Mi propio corazón congelado y paralizado, había irradiado un frío inexplicable en todos los sentidos. Mi cabeza, mis manos, mis pies, mis vísceras, todo en mi estaba cristalizado.
Sólo puedo comparar el corazón de la Anastasia con el calorcito del sol asomándose sobre el Estrecho de Magallanes, tierra que me vio nacer y que tal vez me regaló un traje térmico invisible, capaz de protegerme de los peores inviernos de la vida.
Hoy ha salido ese sol y brilla con todo su esplendor, late junto a mi pecho cada noche y huele maravilloso mientras cruje y me sonríe.
Sin embargo, aunque lo he intentado, aún no puedo sacarme el traje. Cada vez que lo dejo sobre mi mesita de noche, me da un frío que moja mis ojos y mi garganta al sentir que quedan vestigios de la pena más grande de mi vida.
Estoy de luto, viviendo el duelo por la pérdida de quien más había amado. A modo de detenido desaparecido lo busqué por cielo, mar y tierra, llegando incluso a explorar las orillas del Elqui a ver si lo encontraba bajo las mismas estrellas donde me prometió un cielo paralelo y donde me confesó querer la familia que ahora, por su muerte, perdió.

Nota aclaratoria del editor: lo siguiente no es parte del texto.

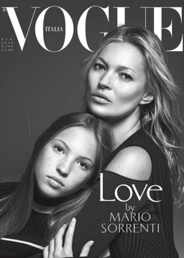 近日,超模Kate Moss带着13岁的女儿Lila Grace出现在最新一期Vogue意大利版的封面上。

No estaba desaparecido. Simplemente fue un amor fugaz, que cual cometa dejó una cola larga que se ha desvanecido en siete fríos meses.
Y esa es la mayor tristeza. Saber que no está en ningún lugar del universo, que nadie ni nada me puede devolver a esa quimera con ojos de amor, palabras de loco, risa de niño y porte de hombre.
De esa quimera queda el recuerdo y una descendencia que lo honra en belleza, y que me lo trae a mi memoria cada segundo, y que ha sido merecedora -sólo por existir- del mayor amor que haya sentido jamás.
En el Estrecho durante el verano, jamás deja de latir el sol. Y los hielos no son eternos, excepto aquellos que Magallanes atesora y que son su fortaleza.